Movie Review: Iron Man

Iron man, starring Robert Downey Jr. is the movie that started it all. Unlike other superheroes gifted with superpowers, Tony Stark is a character that developed his own abilities by creating a super-suit in a cave with a box of scraps. And the iron man suit is what gives him superhuman abilities. He may be a genius, billionaire, playboy, philanthropist without the suit, but with the suit, he can kill powerful supervillains with the snap of a finger (quite literally!)

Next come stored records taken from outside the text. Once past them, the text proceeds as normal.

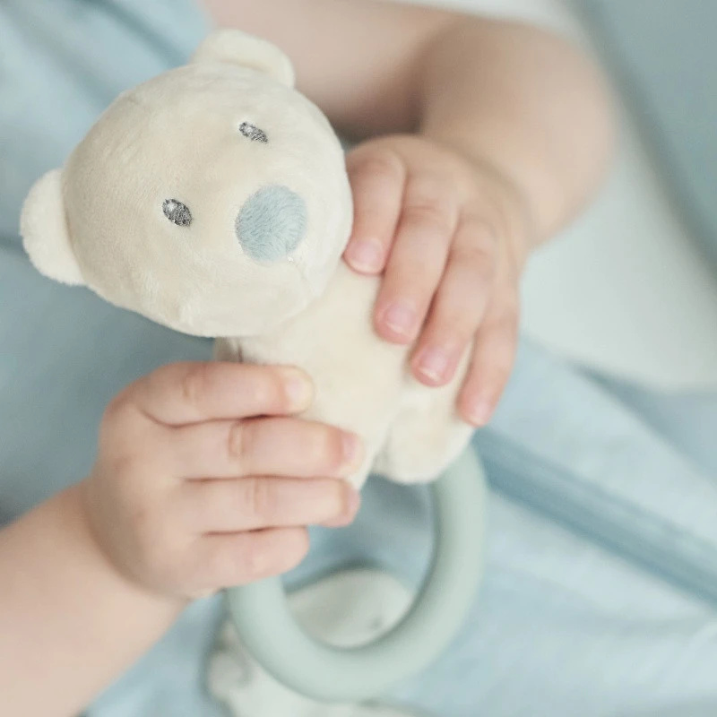 Nattou vous présente un jouet léger, conçu spécialement pour éveiller les plus petits : le hochet Jules l’ours de la collection Roméo, Jules & Sally. C’est l’association réussie d’une ravissante peluche en velours doux et d’un anneau de dentition en silicone qui soulagera les douleurs des premières poussées dentaires !
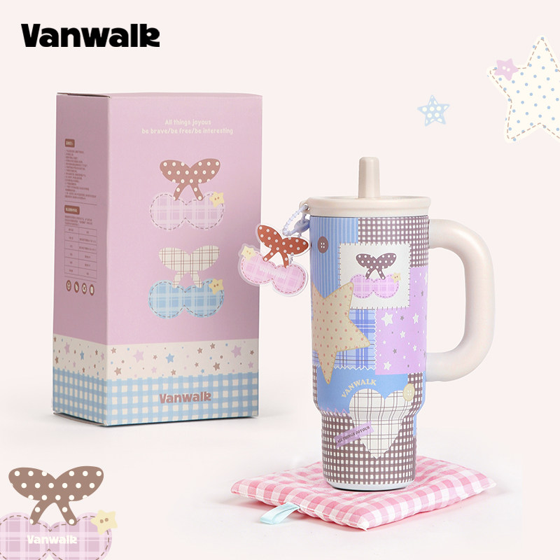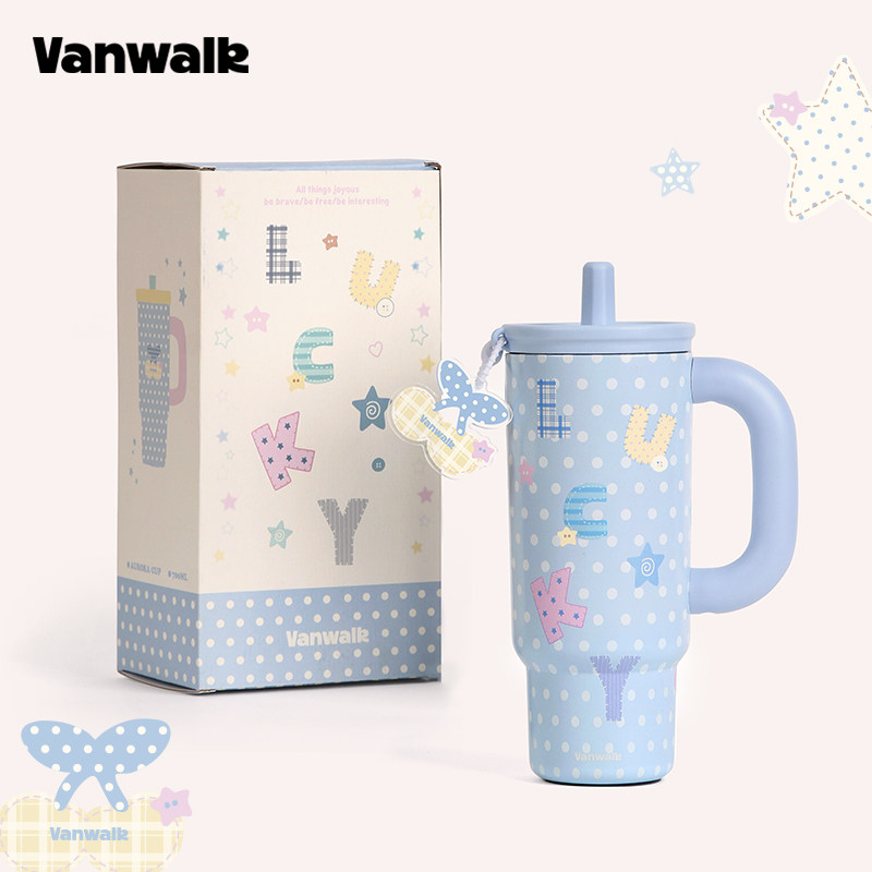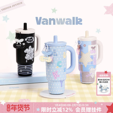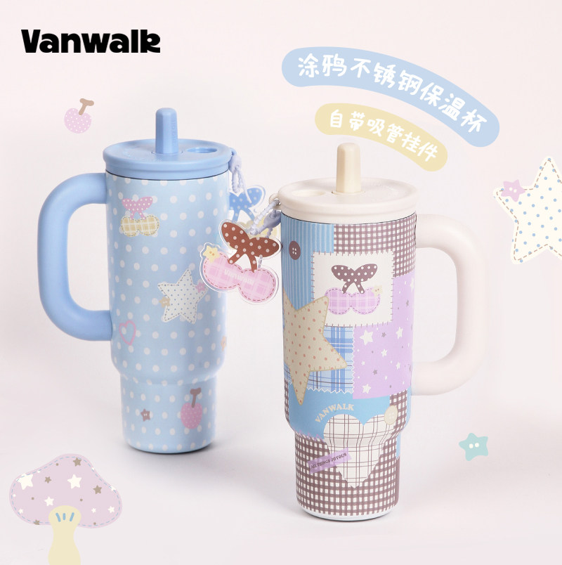 VANWALK lucky pony新款高颜值学生水杯女大容量不锈钢吸管保温杯
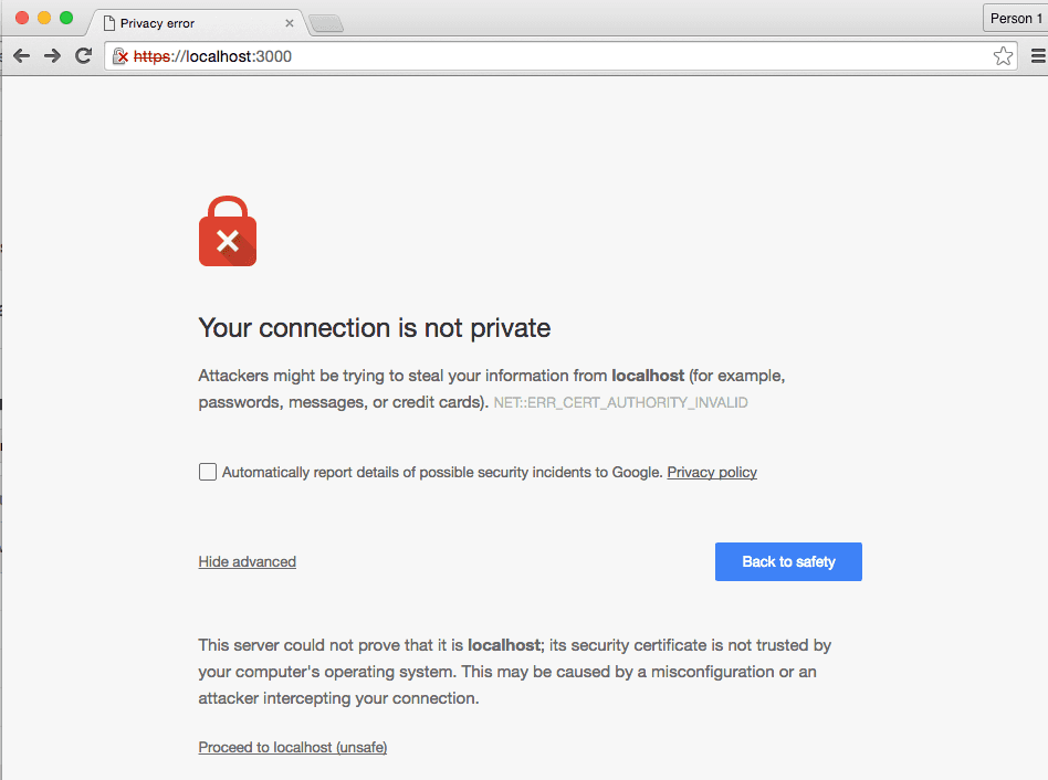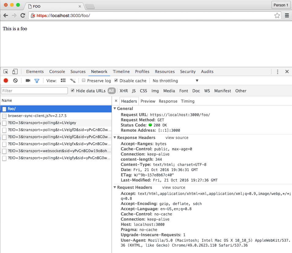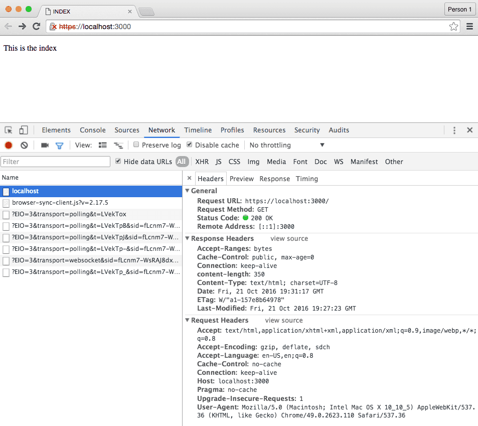 ...For example: to test your application over https, set "https": true right beneath your server options. When browser-sync opens the browser with your entry point, the browser should warn you that the connection isn’t safe:
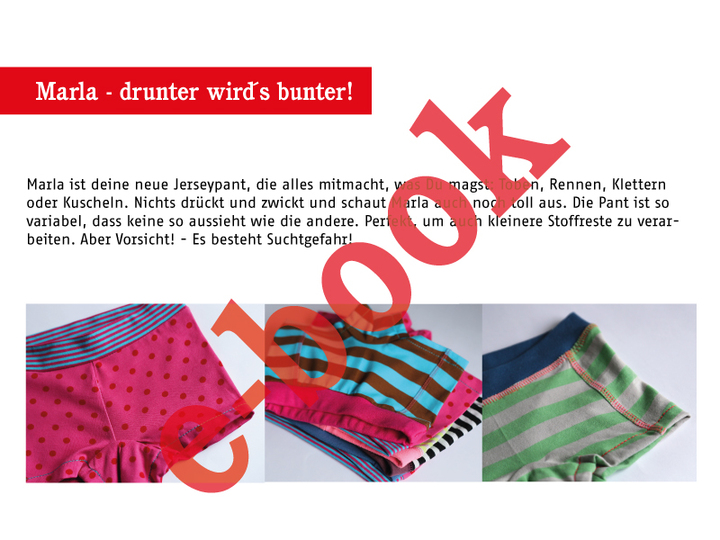 MARLA ist deine neue Jerseypant, die alles mitmacht, was Du magst: Toben, Rennen, Klettern oder Kuscheln. Nichts drückt und zwickt und dabei schaut MARLA auch noch toll aus. Die Pant ist so variabel, dass keine so aussieht wie die andere, sie lässt sich in drei Varianten nähen. Perfekt, um auch kleinere Stoffreste zu verarbeiten.
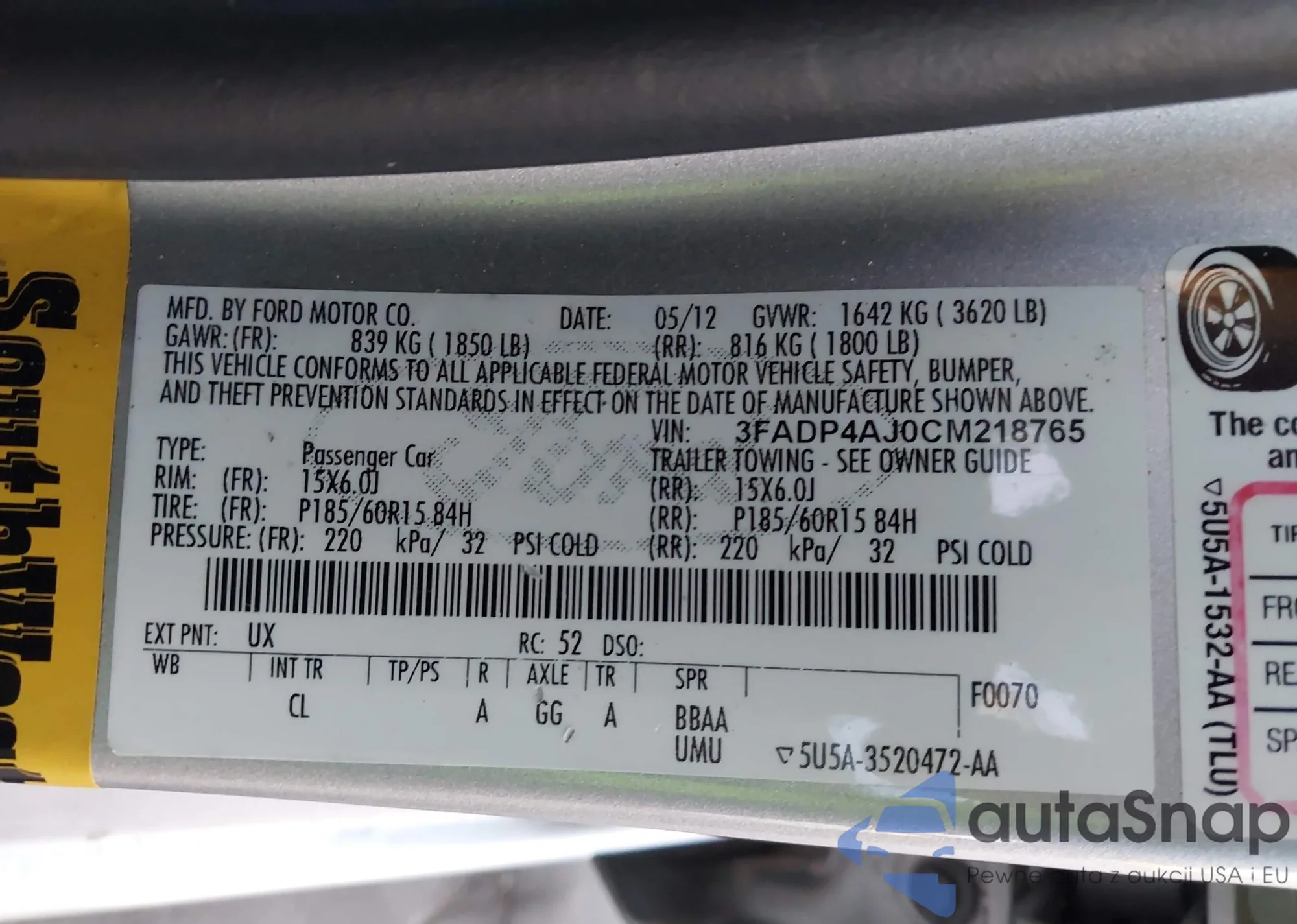 The car Ford Fiesta 2012 (VIN 3FADP4AJ0CM218765) has not been auctioned before. The documents are clean, and the mileage matches or is below the market average. Sold by an insurance company – we recommend purchase. Delivery to the port will take approx. 6–8 weeks.
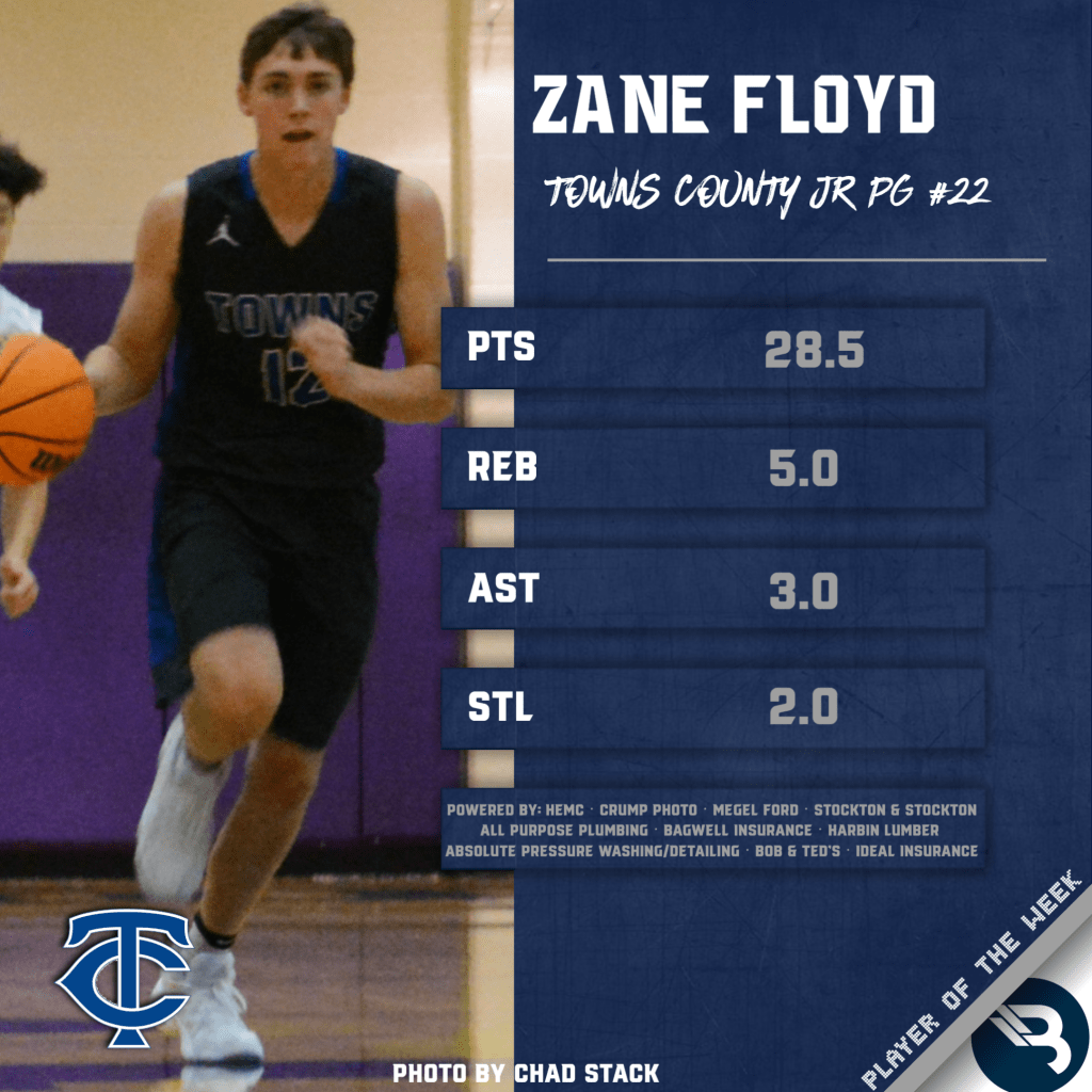 Zane Floyd has gotten off to a great start in his junior campaign. The Towns County junior guard averaged 28.5 points, 5 rebounds, 3 assists, and 2 steals per game in the Indians’ 2 games last week. This is Floyd’s second career POW award.

But replicating an iron man suit, in reality, seems impossible. Just an armored suit with weaponry might still be possible, but flight, repulsor beams and an infinite power source like the arc reactor? That may never become a reality. Moreover, the suit seems to have some mind-reading abilities like we haven’t seen Tony commanding JARVIS to fly or fire all the time. Then how does the suit get instructions? Well, it probably uses something like a mind interface technology where the suit interprets signals directly from the brain and implements it. As impossible as it sounds, this technology already exists!

The Brain-Computer Interface (BCI) technology is a computer-based system that acquires brain signals, analyzes them, and translates them into commands that are relayed to an output device to carry out the desired action. Does that mean we can have telepathic powers like Professor X? Not really, since a BCI most certainly does not read minds, or extract information from unwilling users. Instead, the user, often after a period of training, generates brain signals encoding the intention which the BCI can decode and translate into commands to an output device that can accomplish the user’s intention. It usually requires different components capable of signal acquisition, feature extraction, feature translation, and finally a device output.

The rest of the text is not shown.